Since 2016, the five-year growth rate of US adults in their "Prime Leverage Age" turned positive and continues to rise after being in a virtual freefall since the early 1990s. A similar upturn in 1972 through the 1980s coincided with a substantial rise in interest rates, Lee observed.

Americans are thought to enter their prime leverage age once they hit 30 and through 50, as they often get married, form a family, take on mortgage debt to buy a house, and see a sizable increase in their annual wages.

This leverage is what helps fuel growth in the economy, which is constructive for a rise in interest rates, according to Lee.

"In fact, even the upturn in 'prime age' Americans also argues for CPI or inflation to rise.

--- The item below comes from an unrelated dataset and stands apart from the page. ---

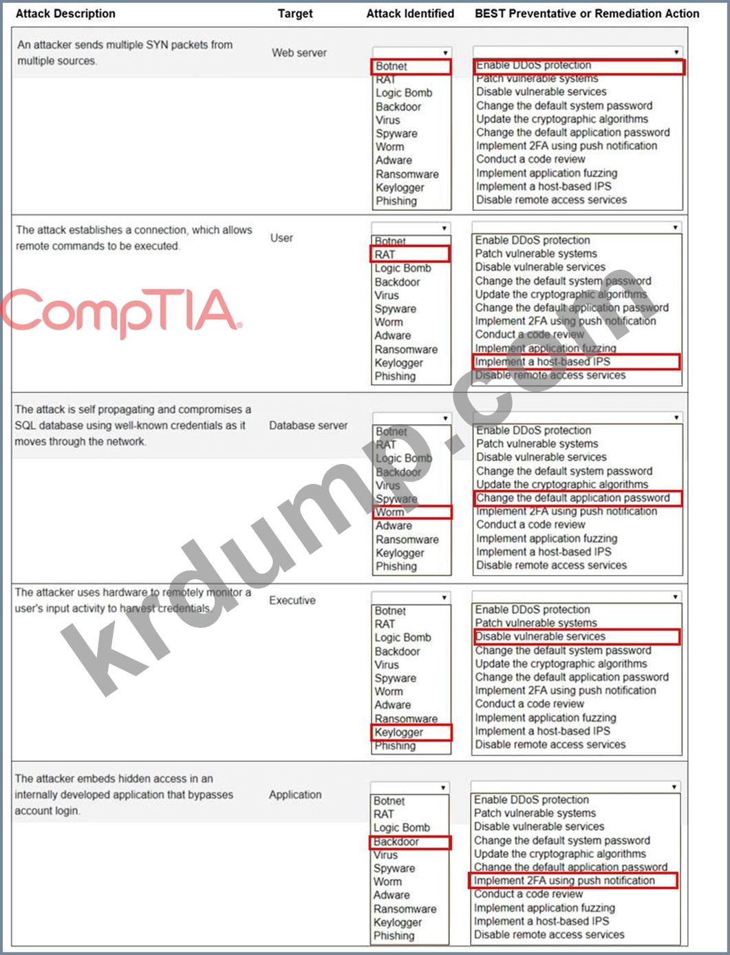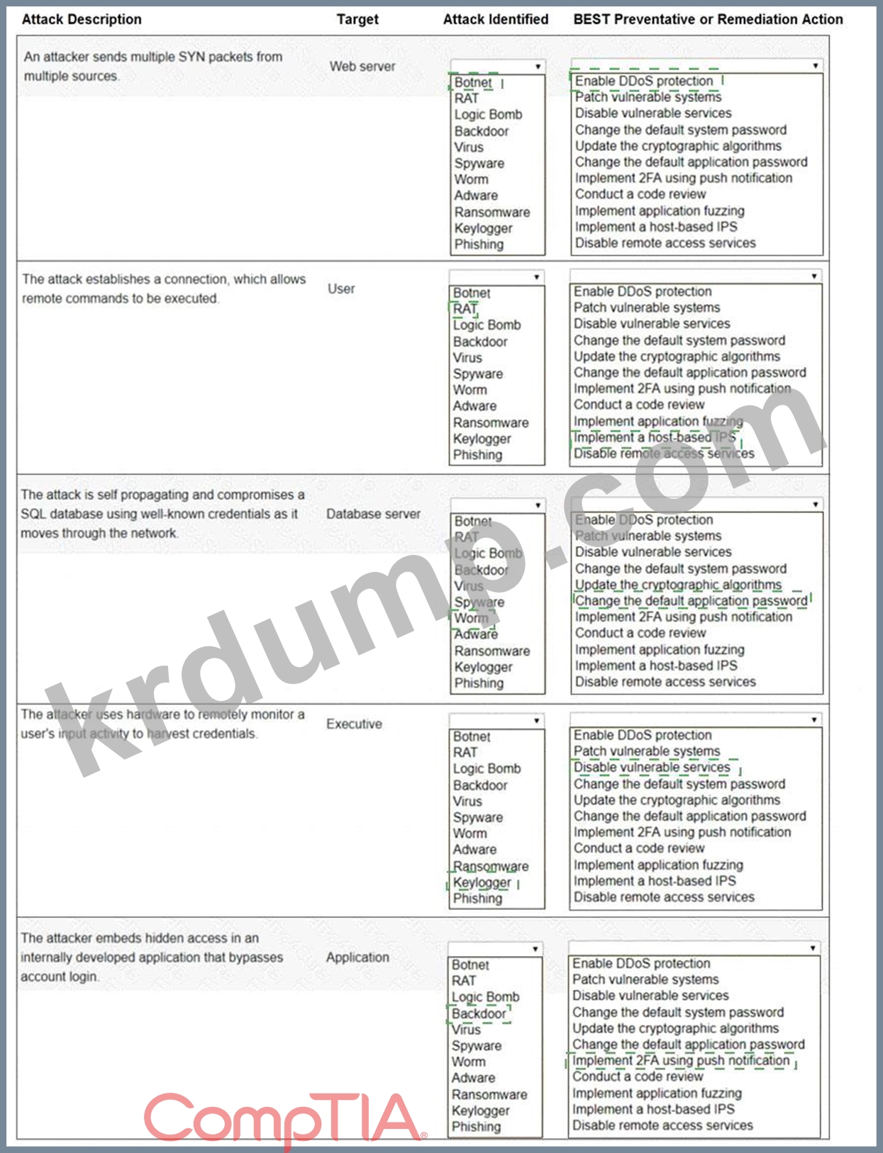 각 드롭다운 목록에서 적절한 공격과 해결 방법을 선택하여 해당 공격에 해결 방법을 라벨로 표시합니다.

Since 1935, there seems to be a casual relationship between this growth of the cohort and CPI," Lee explained, before adding, "if true in today's context, inflation should be rising over the next decade."

To position for a potential lasting jump in interest rates, Lee recommends investors buy cyclical stocks in the industrials, energy, and financials sectors that are tied to a physical reopening of the economy.

"If interest rates are set to move higher, this is a tailwind for Epicenter stocks," Lee said.